How do I prevent accidental Spot termination from breaking my app?

Design for statelessness: store state in S3, DynamoDB, or ElastiCache rather than on instance storage. Use ASG lifecycle hooks and a Spot interruption handler (Lambda listening to EventBridge Spot interruption events) to drain connections gracefully. Always run at least 2 instances so one Spot termination doesn't cause a full outage.

What's the best way to SSH into an instance in a private subnet?

Don't SSH at all — use SSM Session Manager. It works in private subnets as long as the instance has outbound HTTPS access to the SSM endpoints (or you configure VPC endpoints for SSM).

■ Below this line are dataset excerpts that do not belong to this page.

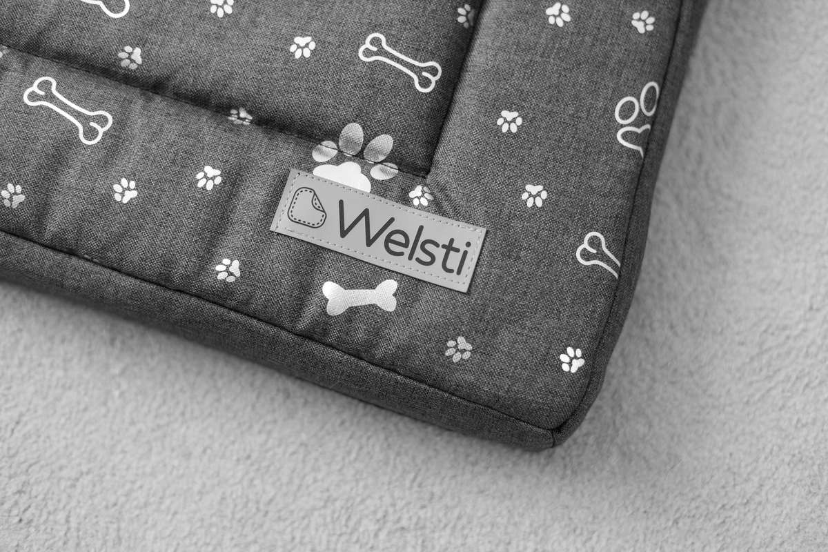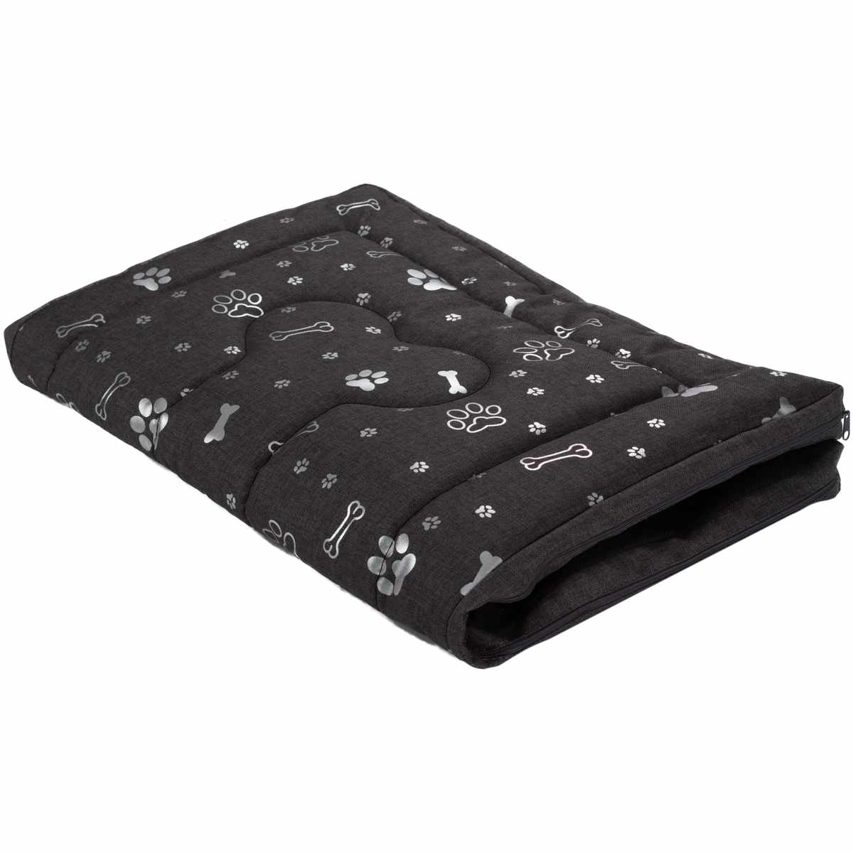 Legowisko materac dla psa Welsti ciemny szary srebrne kości i łapki M 70x50 wigofil
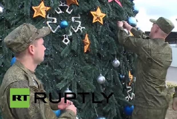 Snimak priprema za proslavu Nove godine napravljen je u ruskoj vojnoj bazi Hmejmim u Siriji.
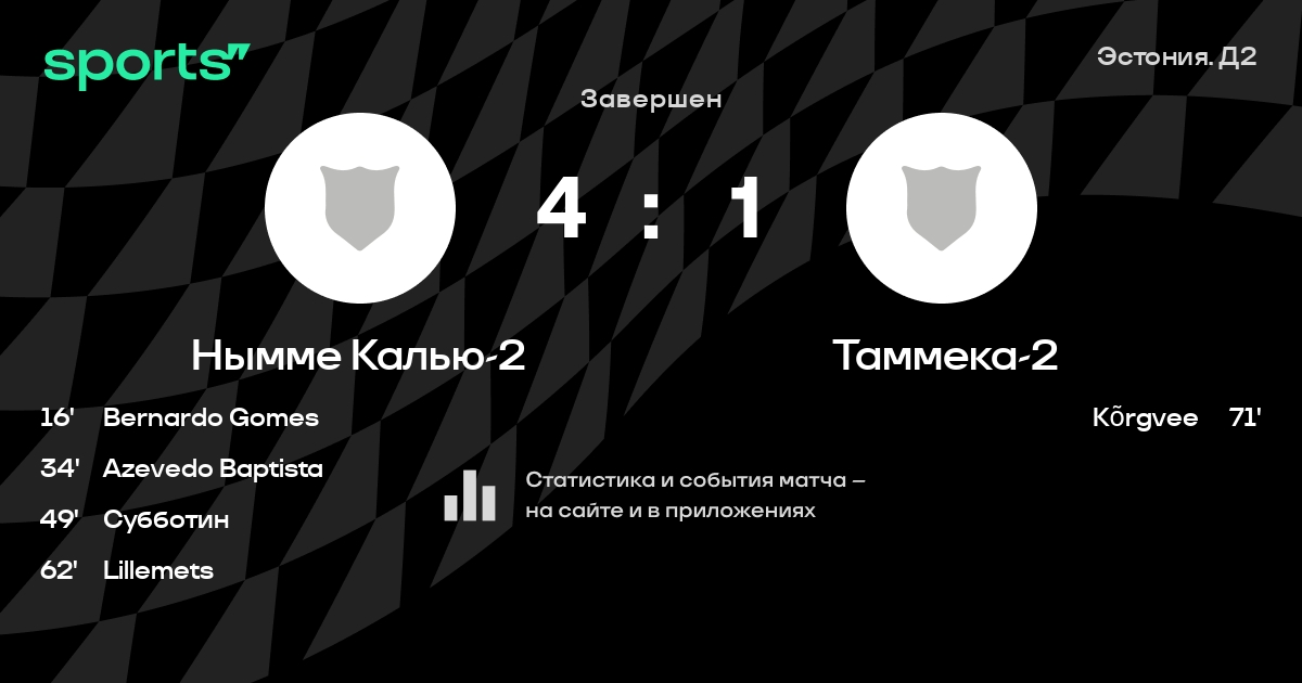 | 6 | Нымме Калью-2 | 35 | 13 | 6 | 16 | 56 | 75 | -19 | 45 | ||
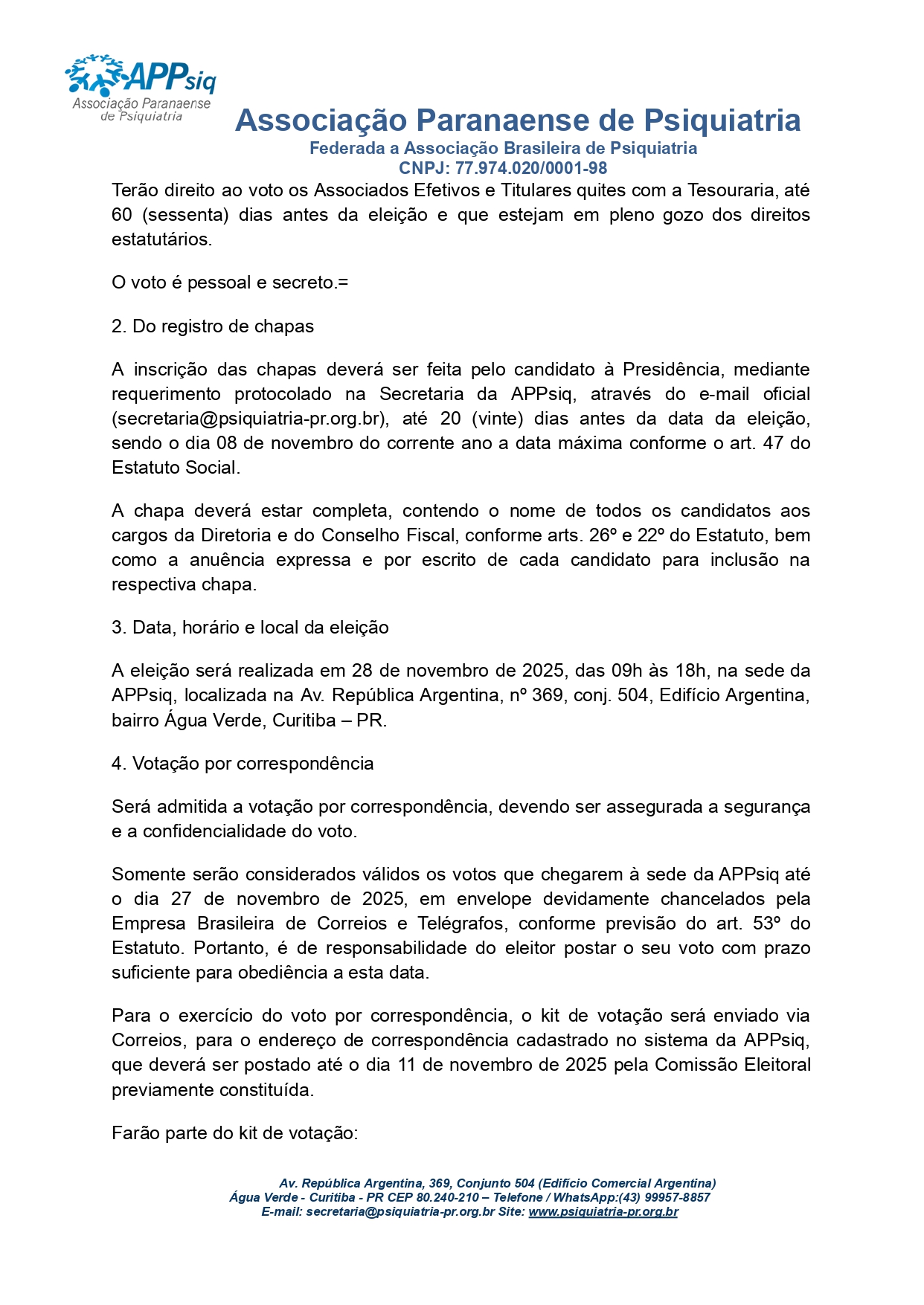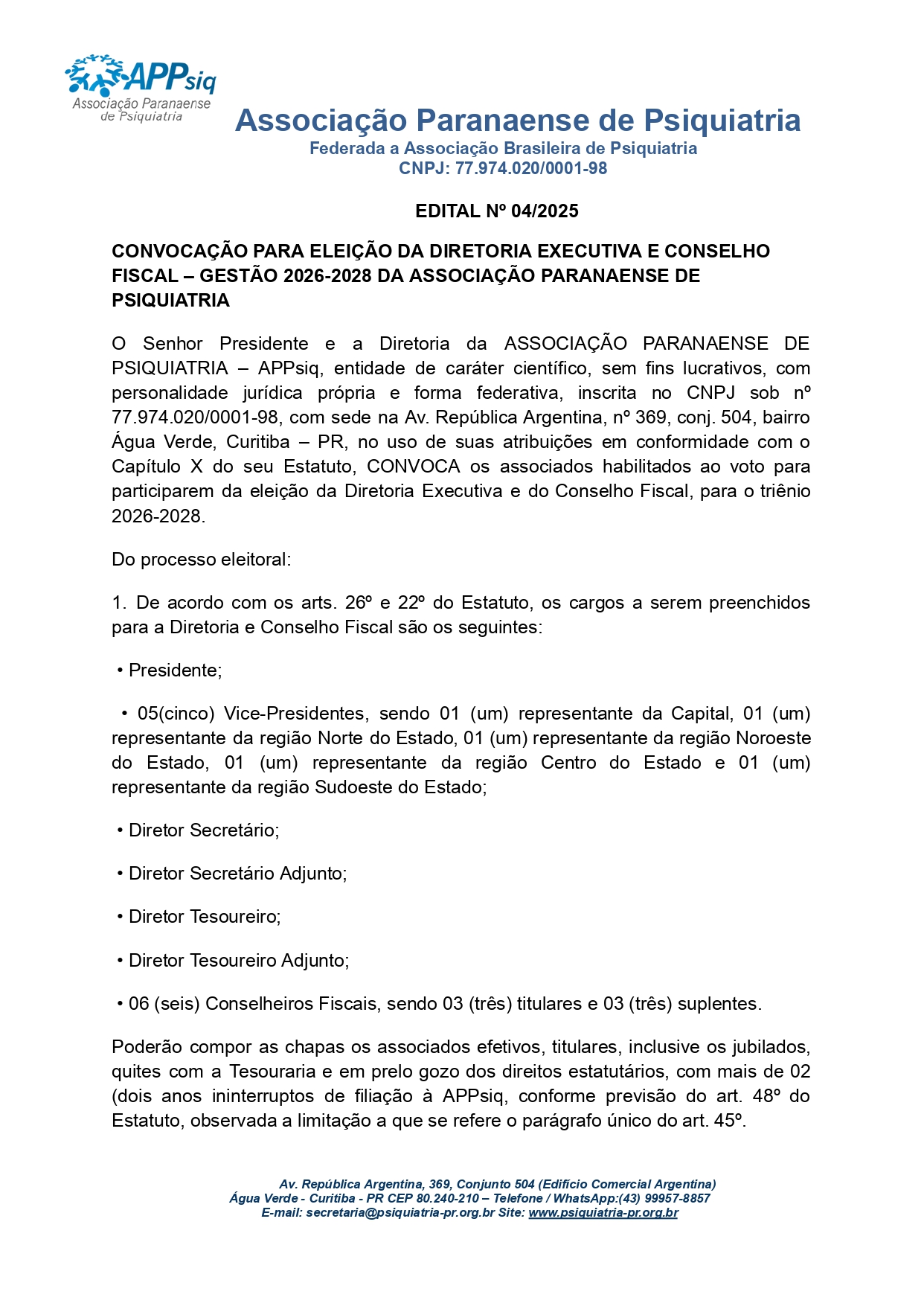 Edital de Eleição da Nova Diretoria e Conselho Fiscal 2026-2028
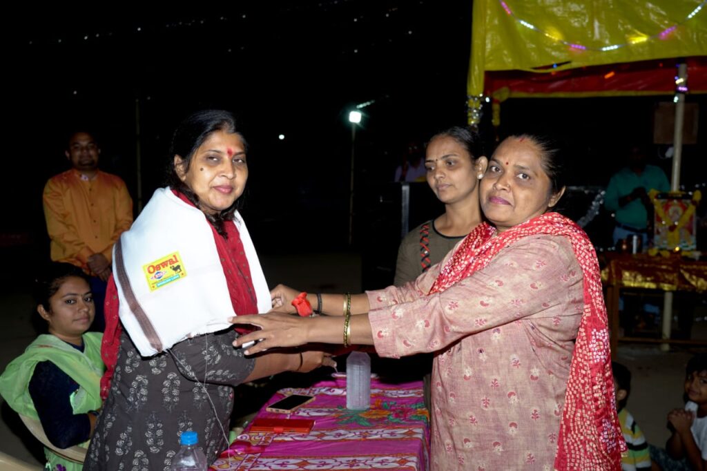 પવિત્ર આસો માસ શરદ પૂર્ણિમાં ના મહા આરતી પ્રસંગે તિરુપતિ નંદ વિહાર સોસાયટીમાં પાલનપુર નગરપાલિકાના કોર્પોરેટર જાગૃતિબેન મહેતા, ડોક્ટર અમીબેન પટેલ, જયેશભાઇ પરમાર, જિલ્લા પંચાયત સદસ્ય અશ્વિનભાઈ સકસેના તેમજ સામાજિક કાર્યકર સોસાયટીના રહીશ ચેતન પ્રજાપતિ આ તેમજ પ્રમુખશ્રી સોસાયટીના અને આરટીઓ ઇન્સપેકટર અંકિતભાઈ પંચાલ, અને મંત્રી શ્રી જનકભાઈ પ્રજાપતિ દ્વારા આજે શરદ પૂર્ણિમા નિમિત્તે મહાઆરતીનું આયોજન કરેલું હતું
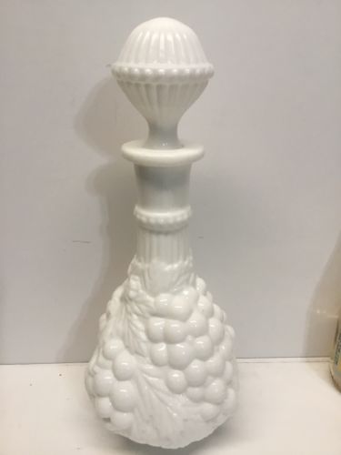 Title (ebay affiliate link): Vintage Milk Glass Decanter 15 Inch with Grape Pattern Imperial
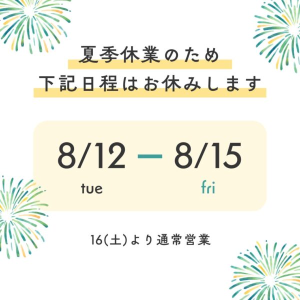 平素より染織こうげい神戸店をご愛顧いただき、誠にありがとうございます。誠に勝手ながら、8月12日(火)~15日(金)の4日間、夏季休業とさせていただきます。期間中は商品のご案内やお問い合わせ対応をお休みいたします。お客様にはご不便をお掛けいたしますが、何卒ご理解賜りますようお願い申し上げます。8月16日(土)より通常営業いたします。
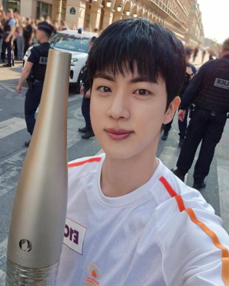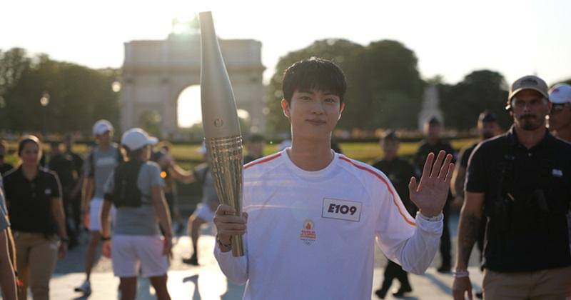 Jin BTS menjadi pembawa obor pertama di Olimpiade Paris 2024. Ia memulai perjalanannya dari titik pertama di Museum Louvre. Ia membawa obor Olimpiade dengan karismatik sampai ke titik estafet berikutnya.
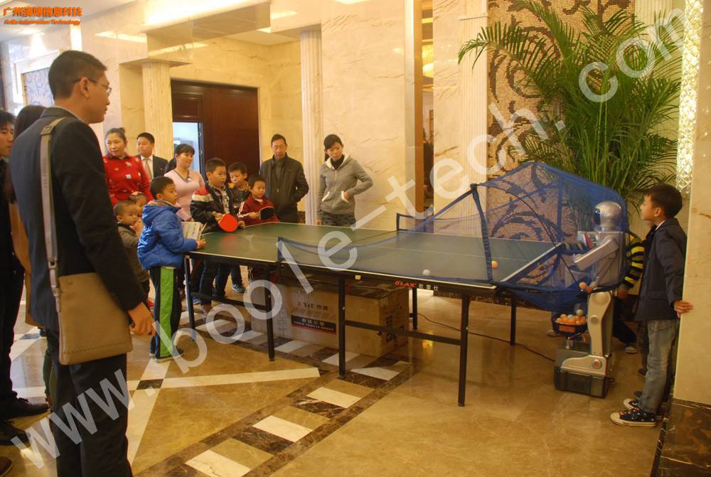 乒乓球機(jī)器人是現(xiàn)場(chǎng)互動(dòng)性比較強(qiáng)的一款機(jī)器人,機(jī)器人通過(guò)不斷地發(fā)球,訓(xùn)練接球能力。機(jī)器人設(shè)有定點(diǎn)發(fā)球和多點(diǎn)發(fā)球模式,針對(duì)單人和雙人對(duì)打,趣味無(wú)窮。
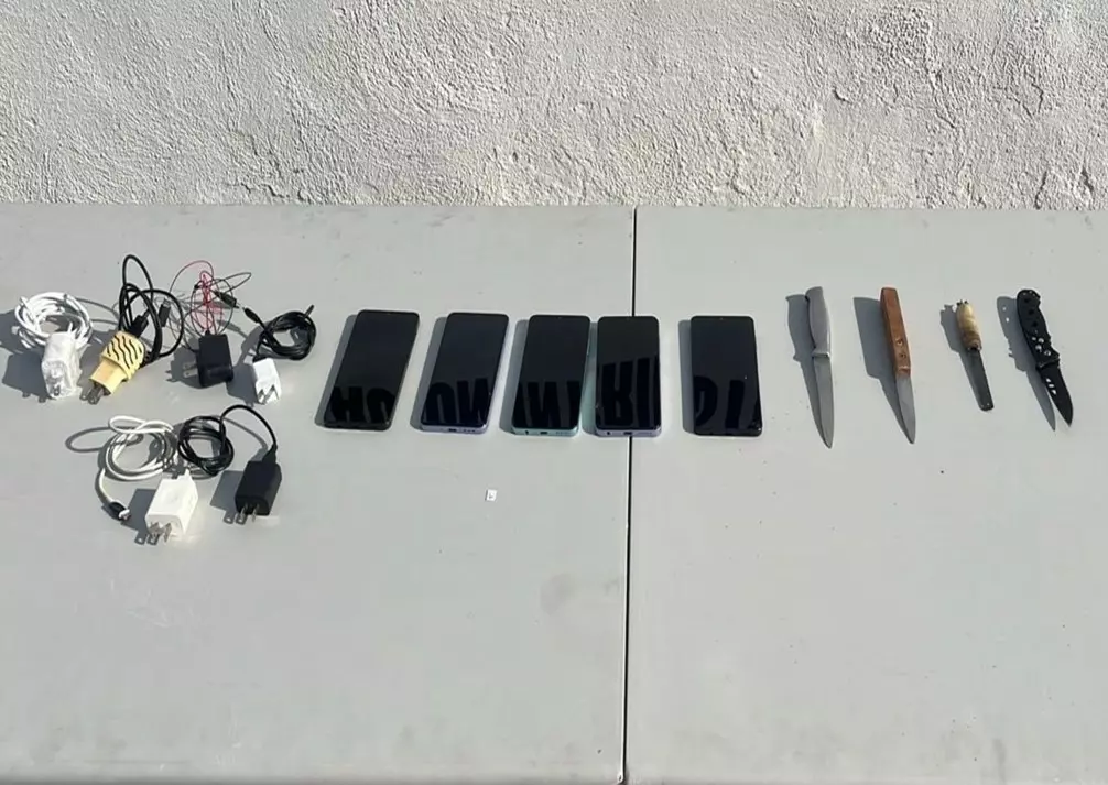 -En Culiacán, en el centro Penitenciario Aguaruto, elementos del Ejército Mexicano, GN y Policía Estatal aseguraron cinco celulares, seis cargadores para celular y cuatro puntas.
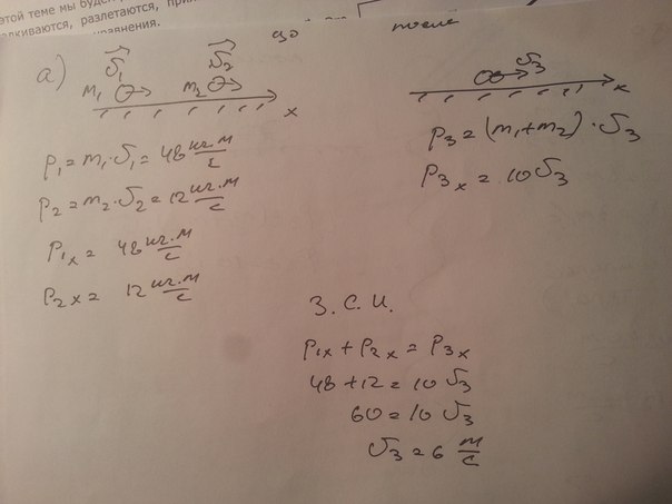 Два шарика массами 6 кг и 4 кг движутся по горизонтальной поверхности со скоростями 8 м/с и 3 м/с. С какой скоростью они будут двигаться после неупругого удара (как одно целое), если: а) первый шар догонит второй; б) шары движутся навстречу друг другу?
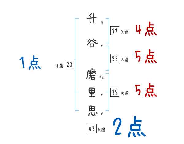 天運![]() | 升谷磨里思さんの天運は11画の4つ星!着実に富や地位を得る幸運な人生。 家系が持つ宿命的な運勢を表します。祖先から受け継いだ苗字ですので自分の力が及びません。家柄を象徴します。 |
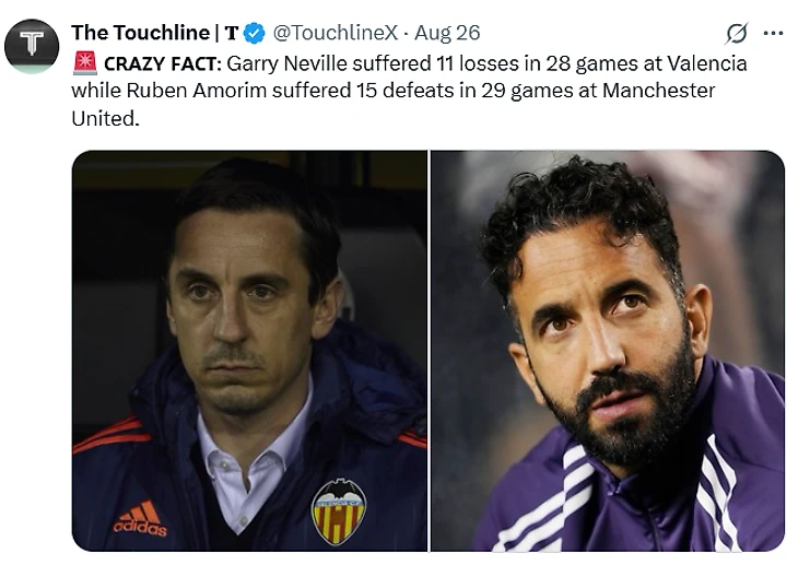 «Безумный факт: Гари Невилл потерпел 11 поражений в 28 матчах в «Валенсии», а Рубен Аморим потерпел 15 поражений в 29 матчах в «Манчестер Юнайтед».
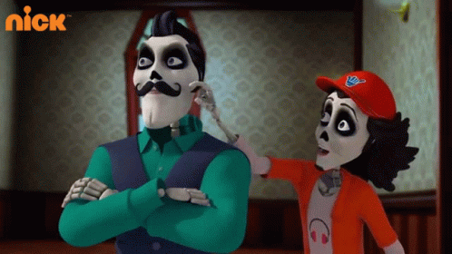 Bhoot Bandus character Sparsh, a happy skeleton, playfully touches Col Suri's mustache.
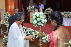 The first research symposium on gender equity and equality (RSGEE-2022) was organised by the Centre for Gender Equity and Equality (CGEE), university of Jaffna in collaboration with the United Nations Development Programmes (UNDP) on 28th of October 2022. This symposium was organised under the sphere of the Jaffna University international research conference (JUICe 2022) on the theme ‘sustainable development through gender equity and equality. The first lady Maithree Wickramasinghe , the Chair and Senior Professor of English at the Department of English University of Kelaniya and the founding Director of the Centre for Gender Studies at the University of Kelaniya, Sri Lanka, and the Visiting Professor at the Centre for Higher Education and Equity Research (CHEER), University of Sussex, United Kingdom, addressed a key note on the theme “Sustainable Development through Gender Equity and Equality in the New Normal – An Ontological Perspective”. Senior Professor G.Migunthan introduced the remarks about the key note speaker.
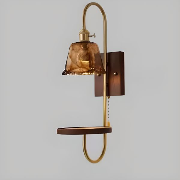 Wall Sconce with 1 Light Golden Metal Downward Geometric Shade in Ceramics - Brown 110V-120V

No bastion host, no key management, and you get full audit logs. If you must SSH, use an EC2 Instance Connect Endpoint (free, GA since 2023) instead of a bastion.

How do I speed up Auto Scaling response time?

The main levers are: (1) Use a pre-baked golden AMI so instances don't spend 3–5 minutes installing packages on boot. (2) Set a short scale-out cooldown (60s). (3) Enable Warm Pools to keep a pool of pre-initialized instances in Stopped state, ready to launch in seconds. (4) For Java apps, consider GraalVM native images or use container-based deployments with ECS/Fargate for faster startup.